Over my many years in ministry, I’ve heard people ask why everything in church or ministry needs to be so planned out. “Why don’t we leave room for the Spirit to show up?” Or, “I’m speaking at the women’s study. Can’t wait to see how God shows up!” Ever heard something like this? Strategic planning is seeking God’s direction and prayer before your program, event or ministry begins. God works during the planning time. His Spirit guides and counsels us as we plan. As I read my Bible, I see God in the details. He has a plan for everything – creation, Adam and Eve, the flood, His temple, His people – everything! He is a God of order and when we place our ideas and hopes and desires in His hands, He will help us craft effective plans that serve Him and others well.

#8 Don’t worry – God’s got this.

This is one platitude that makes me grit my teeth. It’s right up there with people telling me to “smile” when they have no clue what I’m dealing with. Of course, we are not to worry. That alone is difficult to achieve consistently. And, of course, God’s got this, but what does that look like in reality? Are we just supposed to check out? Hands off? Quit praying or pursuing a solution to the problem? Are we to stop seeking wise counsel? Pretend it doesn’t exist? Of course not! If God has us in the middle of something, we are there for a reason. He wants to use us, grow us and teach us. When the good Samaritan saw the wounded man on the side of the road, did he think, “don’t worry-God’s got this” and walk on? No, he DID something. Find out what God is asking of us in these situations and then do it. Rarely does He invite us to do nothing.

#9 I don’t have time to develop or train people for ministry.
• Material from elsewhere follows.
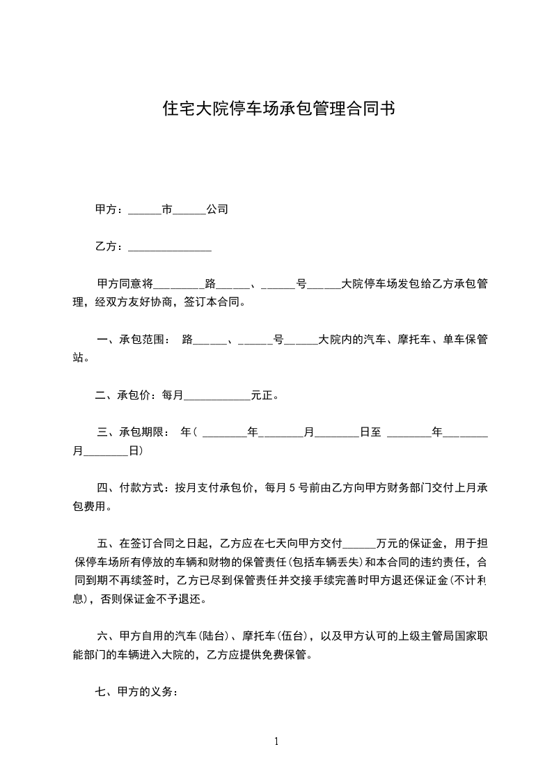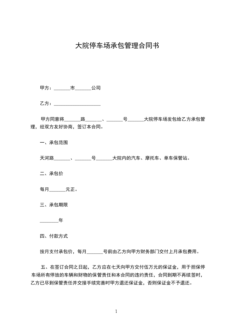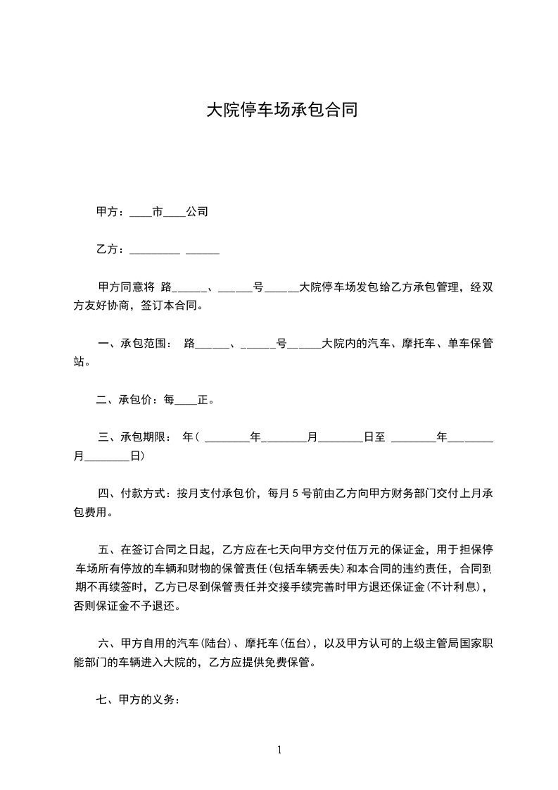 甲方同意将 路______、______号______大院停车场发包给乙方承包管理,经双方友好协商,签订本合同。

Over and over again, I see people placed in important ministry roles with inadequate training. Are they capable of great things? Yes. Are they smart people who want to serve? Yes. Then why would we handicap them by not training and equipping them as best we can? Many times these good people are able to get a lot done on their own with little input, so they are tapped for ministry positions. They have no team building, leadership or emotional intelligence skills and sometimes no theological foundations, but people like them and they get stuff done. In the long run, this inhibits good ministry growth. People must be developed as potential leaders and learn what it looks like to invite others in and develop them for intentional ministry. It is a priceless and productive investment of your time.

#10 Working on a church staff or Christian organization is the perfect job.

No. It. Isn’t. Nothing is perfect in this world. We can read about ministry disagreements and differences of opinion throughout the Bible. Check out Numbers 12:1-2, Luke 22:24-27, Acts 15:36-41 and 1 Corinthians 1:9-11 for a few examples. Whenever people are involved (ourselves included), there will be struggles. Christian environments should be different. They should be better at acceptance and celebration and forgiving and mentoring and promoting. Unfortunately, this isn’t always the case. Ask ANYONE who has ever served on a Christian board or in a ministry. You might not love how some people “do” ministry. You might love them, but not how they work, all their ideas or what they ask you to do. The challenge is to get to know how others are wired and gifted, use open and respectful communication and develop trust. These things require work, time and determination. Being a part of a Christian team and ministry is not perfect, but it is amazing.

I hope my musings on these myths have encouraged you in some way or spurred your thinking! I would love to hear about myths that you have encountered along your journey.